* _Work request_: Pictures aside, reproduce exactly each line from the one holding "This is Mary" through the last line of the material, both ends included.
[Data extract]
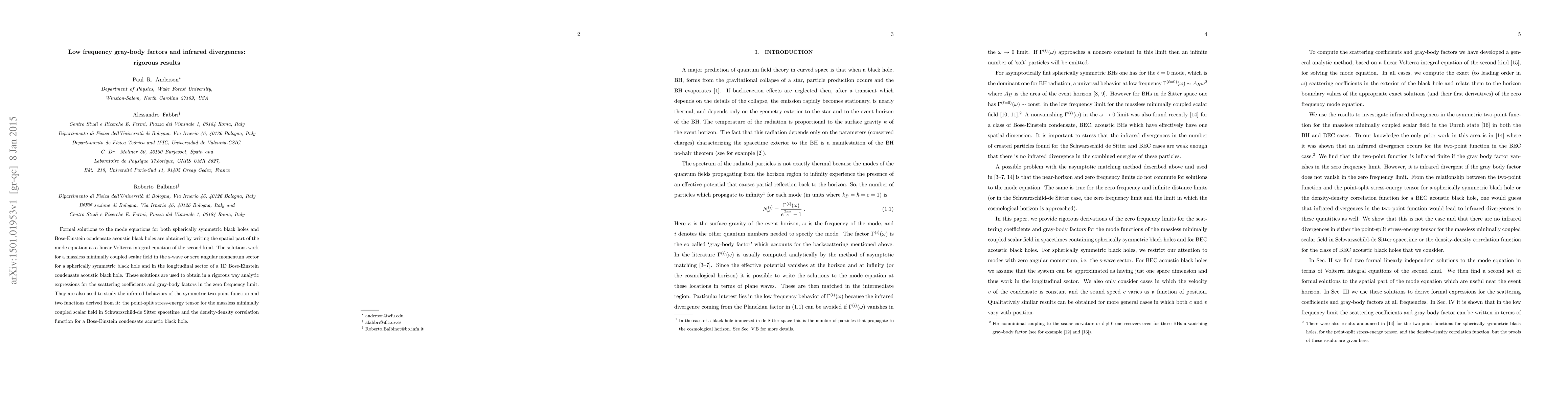 Formal solutions to the mode equations for both spherically symmetric black holes and Bose-Einstein condensate acoustic black holes are obtained by writing the spatial part of the mode equation as a linear Volterra integral equation of the second kind. The solutions work for a massless minimally coupled scalar field in the s-wave or zero angular momentum sector for a spherically symmetric black hole and in the longitudinal sector of a 1D Bose-Einstein condensate acoustic black hole. These solutions are used to obtain in a rigorous way analytic expressions for the scattering coefficients and gray-body factors in the zero frequency limit. They are also used to study the infrared behaviors of the symmetric two-point function and two functions derived from it: the point-split stress-energy tensor for the massless minimally coupled scalar field in Schwarzschild-de Sitter spacetime and the density-density correlation function for a Bose-Einstein condensate acoustic black hole.
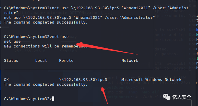 net use \192.168.93.30\ipc$ "Whoami2021" /user:"Administrator"
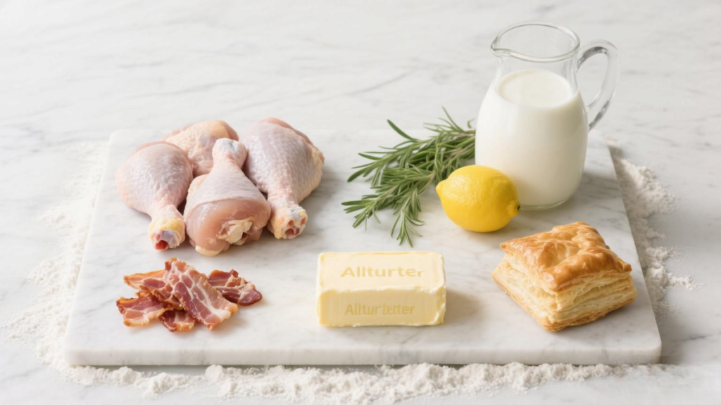 This is Mary Berry’s ultimate Sunday lunch chicken pie. It is not just a pie; it is a centrepiece. Mary’s philosophy is simple: a proper pie should be generous, comforting, and technically perfect. The filling must be deeply savoury and rich, never thin or watery. The lid must be crisp and fully cooked, with absolutely no hint of a raw, doughy layer underneath. This version is foolproof because it relies on a fully cooked, bound filling and a simple, high-quality pastry lid, eliminating the risk of a soggy bottom entirely.
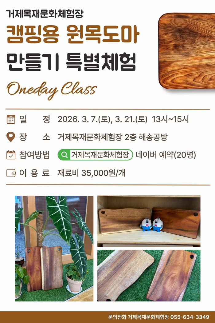 [시사코리아저널=정종민 선임기자] 거제목재문화체험장은 오는 3월 7일(토)과 3월 21일(토), 성인 방문객을 대상으로 한 원데이클래스 프로그램 '캠핑용 원목도마 만들기 특별체험'을 운영한다고 밝혔다.
[/Data extract]
* _Answer box_:
 This is Mary Berry’s ultimate Sunday lunch chicken pie. It is not just a pie; it is a centrepiece. Mary’s philosophy is simple: a proper pie should be generous, comforting, and technically perfect. The filling must be deeply savoury and rich, never thin or watery. The lid must be crisp and fully cooked, with absolutely no hint of a raw, doughy layer underneath. This version is foolproof because it relies on a fully cooked, bound filling and a simple, high-quality pastry lid, eliminating the risk of a soggy bottom entirely.
 [시사코리아저널=정종민 선임기자] 거제목재문화체험장은 오는 3월 7일(토)과 3월 21일(토), 성인 방문객을 대상으로 한 원데이클래스 프로그램 '캠핑용 원목도마 만들기 특별체험'을 운영한다고 밝혔다.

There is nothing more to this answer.